There are probably 50 regulars in my local bar, and I think there are one or two cases of people with the same birthday.

[JimRed]

Easy, the Smith twins were invited and accepted.

[Dr. Sivana]

I intuitive thought it was a good bet, mainly because it isn’t the odds of anybody matching an individual borthday, but of any of them matching any of them. That gives you a nice multiplier.

I gamed it out in Excel, simulating 100 parties, each with 30 guests with an assigned random number between 1 and 365. Counted duplicates, and came up with 70%, which is close enough.

Formulae used:
=RANDBETWEEN(1,365)
=OR(COUNTIF(A1:AD1,A1:AD1)>1)
=COUNTIF(AE1:AE100,”True”)

[Verginius Rufus]

One of my high school teachers pulled this on our class. I already knew that one of the other students had the same birthday as mine. We were the only two with matching birthdays. I don’t remember how many were in the class—probably 30 to 40.

[ryderann]

Take the bet! $100 isn’t much to lose anymore.

[Strident]

table should say 0.27% for 2 people. C’mon man, no way it should say zero. I get rounding and precision errors, but zero means nil and obviously there is a non-zero chance for two strangers to have the same birthday. so 1-[364/365]

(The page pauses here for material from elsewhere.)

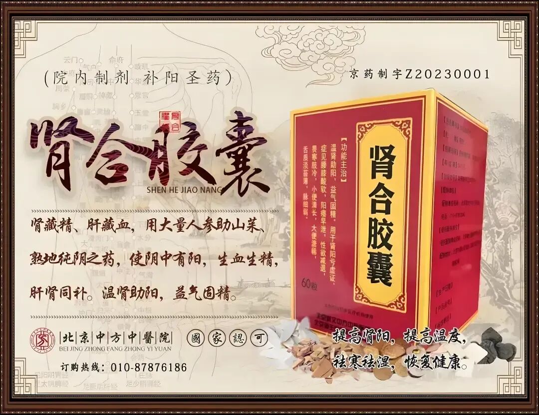 肾合胶囊是一款经过国家审批、药监局备案的专方制剂。它采用纯中药萃取而成,无任何副作用,针对肾精亏虚、肾阳不足、肾气虚弱和气血不足等症状有显著疗效。其配方包括淫羊藿、肉桂、杜仲、枸杞、熟地黄、山茱萸等数十味种药材,经过多年的道地药材提纯加工而成。

Nice job on this. Posters pointing out the non-even distribution of monthly births are entirely missing the point. I guess (but I’m not sure) if more than 3/12ths are clustered nine months after the fecund period, it may sway the odds slightly, very minutely, but not enough to spoil the point, which is how most people would have no idea of how fast the probability of at one least 1 coincident birthday pair mounts as n grows. Very cool illustration.

[pnut22]

My daughter had a son on her birthday and my son was born on his Great Grampa’s birthday. No family party is ever without 2 people sharing a birthday.

[alancarp]

That’s a lotta people in the same house. Certain locales frown upon that kind of thing these days.

[CarolinaReaganFan]

cool,thanks

[FamiliarFace]

I was recently at a (birthday) party, where it was discovered that I and another person had the same birthday, though 50 plus years apart. Also there was a set of twins, so 4 people out of about 30 people, maybe 35, but not quite that many. In my case, at that party, the probability held true.